A ciência aberta na América Latina e as perspectivas para o campo de Estudos Urbanos

Geisa Bugs, editora associada da revista urbe, Curitiba, Paraná, Brasil.

Luciene Pimentel, editora associada da revista urbe, Curitiba, Paraná, Brasil.

Paulo Nascimento Neto, editor-chefe da revista urbe, Curitiba, Paraná, Brasil.

Rodrigo Firmino, editor associado da revista urbe, Curitiba, Paraná, Brasil.

Logo do periódico urbe. Revista Brasileira de Gestão UrbanaA comunicação científica atravessa um importante momento de inflexão. As perspectivas de expansão da ciência aberta no padrão diamante, as reflexões sobre os acordos transformativos em curso, as mudanças nas infraestruturas digitais de circulação do conhecimento e os desafios de ampliação da transparência, da integridade e do impacto social da pesquisa têm impulsionado debates em diferentes arenas científicas.

No contexto latino-americano, essas transformações assumem contornos particulares, colocando em evidência desafios relacionados à sustentabilidade, à profissionalização e à internacionalização dos periódicos científicos, ao mesmo tempo em que se intensifica a disputa com grandes atores globais, em um cenário marcado por assimetrias históricas e estruturais entre o Norte e o Sul Globais.

É nesse contexto que se insere esta Semana Especial da urbe. Revista Brasileira de Gestão Urbana no Blog SciELO. Ao longo das postagens, refletimos sobre diferentes dimensões da produção e circulação do conhecimento no campo dos Estudos Urbanos, tomando nossa experiência editorial como ponto de partida para discutir questões que atravessam a editoração científica contemporânea.

O percurso se iniciou com a reafirmação da importância de um posicionamento epistemológico capaz de estimular interpretações analíticas em diálogo com a diversidade da realidade urbana latino-americana. Em um campo historicamente influenciado por marcos teóricos formulados no Norte Global, torna-se central reconhecer que as cidades da região não são apenas objetos de análise, mas também espaços de produção situada de teorias urbanas.

A leitura atenta das publicações da urbe reforça essa compreensão. Historicamente, sua produção evidencia a pluralidade temática e epistemológica que caracteriza os estudos urbanos na América Latina.
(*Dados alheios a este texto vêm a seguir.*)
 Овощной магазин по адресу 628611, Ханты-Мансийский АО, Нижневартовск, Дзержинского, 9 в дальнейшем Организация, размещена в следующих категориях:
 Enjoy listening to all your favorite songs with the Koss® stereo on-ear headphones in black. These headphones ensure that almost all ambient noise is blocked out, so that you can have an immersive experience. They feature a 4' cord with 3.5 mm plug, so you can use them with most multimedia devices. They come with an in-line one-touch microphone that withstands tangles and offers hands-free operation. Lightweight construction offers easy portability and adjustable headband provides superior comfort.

Essa diversidade não constitui dispersão temática, mas expressa o posicionamento editorial de reconhecer a complexidade das cidades latino-americanas e a intersecção de diferentes tradições analíticas que disputam formas de interpretar os processos urbanos contemporâneos.

Paralelamente, as postagens desta semana privilegiaram agendas estratégicas do contexto editorial, examinando as condições institucionais que moldam a produção e a circulação do conhecimento científico. O avanço recente da inteligência artificial na pesquisa e na editoração científica recoloca em novos termos questões relacionadas à autoria, à transparência e à responsabilização intelectual. Distante de se tratar de mera questão tecnológica, a inteligência artificial configura uma infraestrutura sociotécnica capaz de reconfigurar silenciosamente os critérios de legibilidade, validação e autoridade do conhecimento científico.
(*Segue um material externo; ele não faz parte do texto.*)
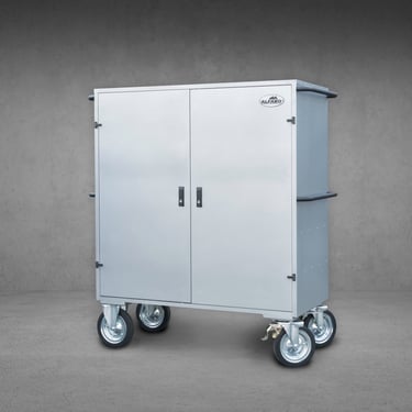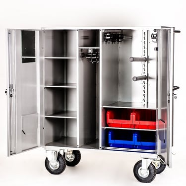 It stores 2 saddles, has 4 side shelves and 4 plastic bins for ample storage, and includes a mirror on the door for final touch-ups.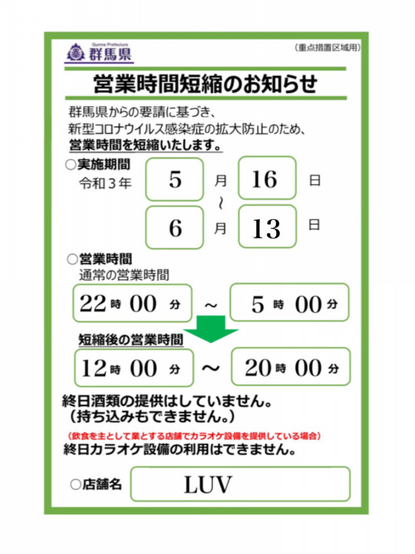 群馬県伊勢崎市がまん延防止等重点措置に基づく要請の為 6 13まで夜のクラブイベントはお休みさせて頂きます Club Luv伊勢崎

Debates também emergem quanto ao compartilhamento de dados de pesquisa. A abertura de dados constitui um dos pilares da ciência aberta, ampliando a transparência, replicabilidade e reutilização de dados coletados. Contudo, com particular enfoque nas ciências sociais e nos estudos urbanos, a reutilização de dados suscita desafios éticos relacionados às mediações epistemológicas, aos contextos de produção das informações e às limitações inerentes à comparação entre realidades urbanas profundamente distintas.
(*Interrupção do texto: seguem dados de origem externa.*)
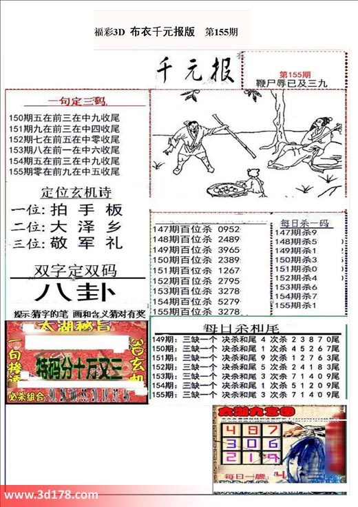 福彩3d布衣图库布衣千元报第2018155期定位玄机诗:

Outro eixo relevante refere-se às formas de circulação pública do conhecimento científico. A crescente presença da divulgação científica em mídias não convencionais, notadamente por meio de redes sociais, podcasts e plataformas audiovisuais, aponta para um movimento amplo de abertura da ciência ao diálogo com a sociedade, em consonância aos princípios da ciência aberta enunciados na Recomendação da UNESCO sobre o tema (2021). Nesse contexto, a comunicação científica ultrapassa a preocupação (pertinente) com a disseminação entre pares e assume também uma dimensão pública, na qual a conversão e contextualização do conhecimento tornam-se parte integrante da prática editorial.

 

 

Tomados em conjunto, esses temas convergem para agendas renovadas de ampliação da ciência aberta no Brasil como paradigma estruturante da comunicação científica. Essa agenda adquire densidade particular ao ser articulada aos princípios de IDEIA – Impacto, Diversidade, Equidade, Inclusão e Acessibilidade.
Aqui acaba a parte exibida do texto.